Task statement :: With the pictures removed, reproduce exactly the lines from the one that contains "CNBC:Silicon Valley leaders" through the last line of the entries below.

Records provided ::
>>

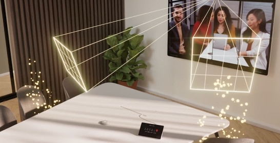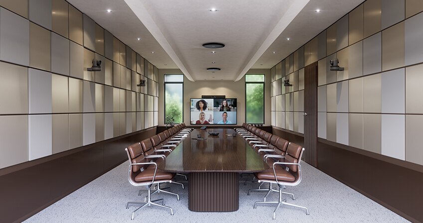A perfect combination of single and multi-camera technology with AI-enhanced image processing lets you enable multi-participant framing, prioritize the active speaker, dynamically track the presenter, or feature a wide-angle view of everyone around the table.
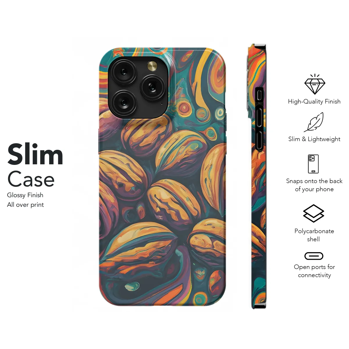 Showcase your unique style with this vibrant Walnut Kernels Multi Color Phone Case, compatible with iPhones, Samsung devices, and Pixel models. The eye-catching walnut kernel pattern adds an artistic touch to your device, making it a true fashion statement. Its durable construction ensures reliable protection against scratches and everyday wear, giving you peace of mind while you rock your phone in style.
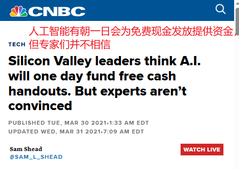 CNBC:Silicon Valley leaders think A.I. will one day fund free cash handouts. But experts aren’t convinced
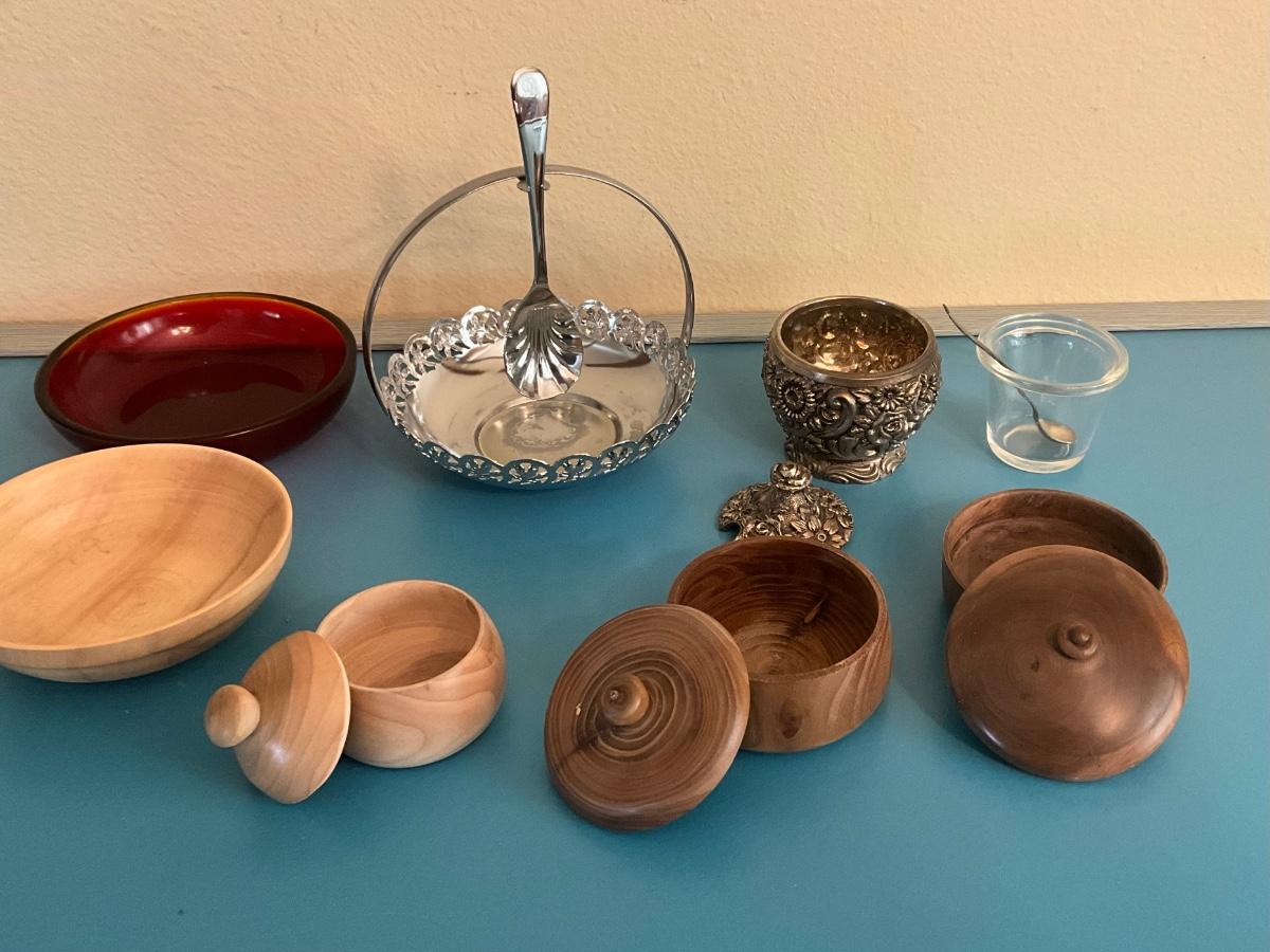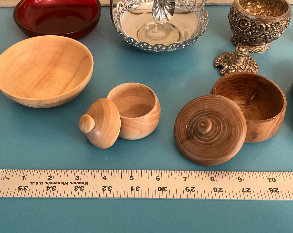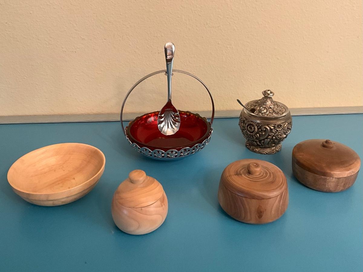 Handmade wooden trinkets, silver candy dish/red glass insert, silver sugar cube container
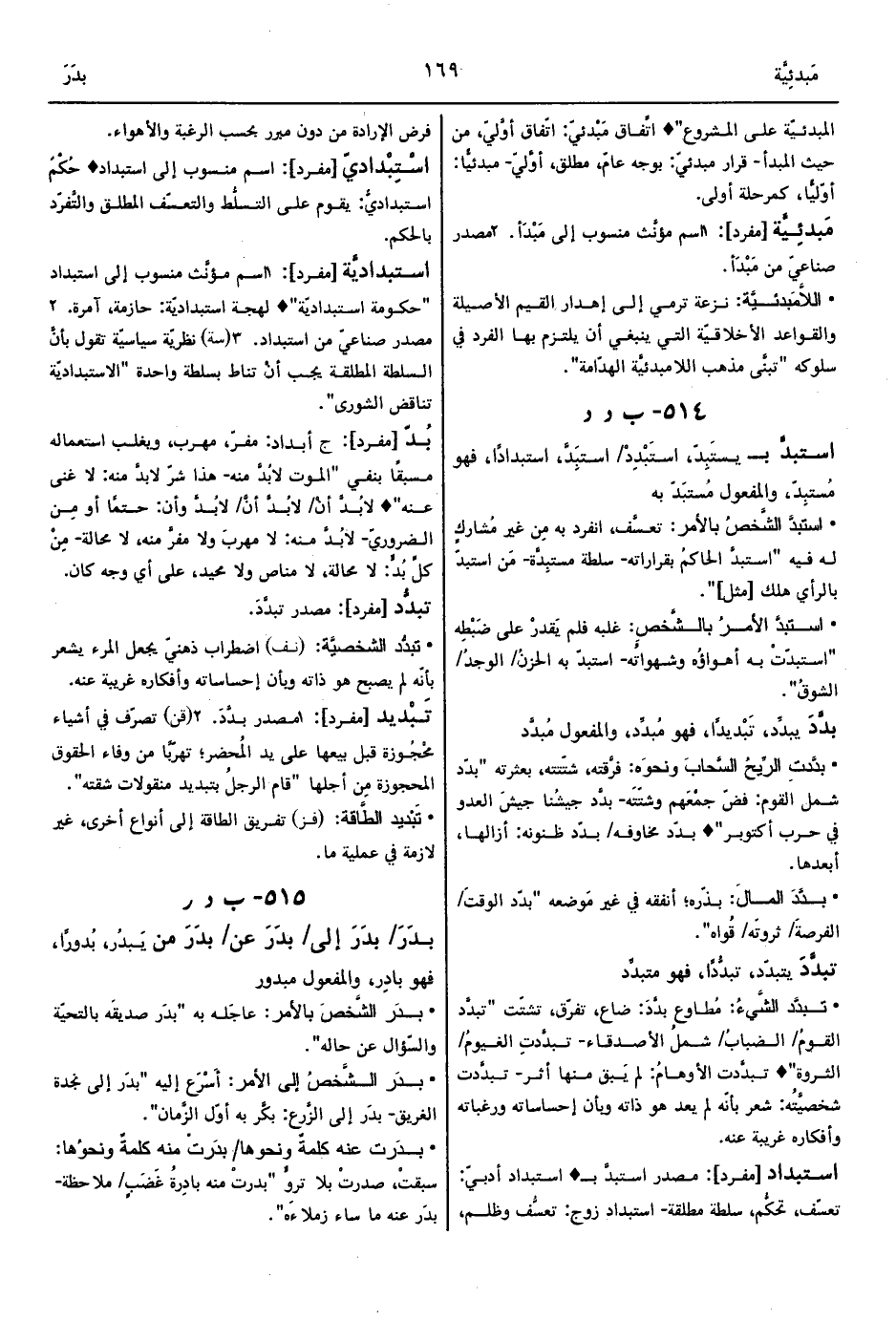 • استبدَّ الشَّخصُ بالأمر: تعسَّف، انفرد به مِن غير مُشاركٍ له فيه "استبدَّ الحاكمُ بقراراته- سلطة مستبِدَّة- مَن استبدّ بالرأي هلك [مثل] ".

<<

Written response ::
 CNBC:Silicon Valley leaders think A.I. will one day fund free cash handouts. But experts aren’t convinced
 Handmade wooden trinkets, silver candy dish/red glass insert, silver sugar cube container
 • استبدَّ الشَّخصُ بالأمر: تعسَّف، انفرد به مِن غير مُشاركٍ له فيه "استبدَّ الحاكمُ بقراراته- سلطة مستبِدَّة- مَن استبدّ بالرأي هلك [مثل] ".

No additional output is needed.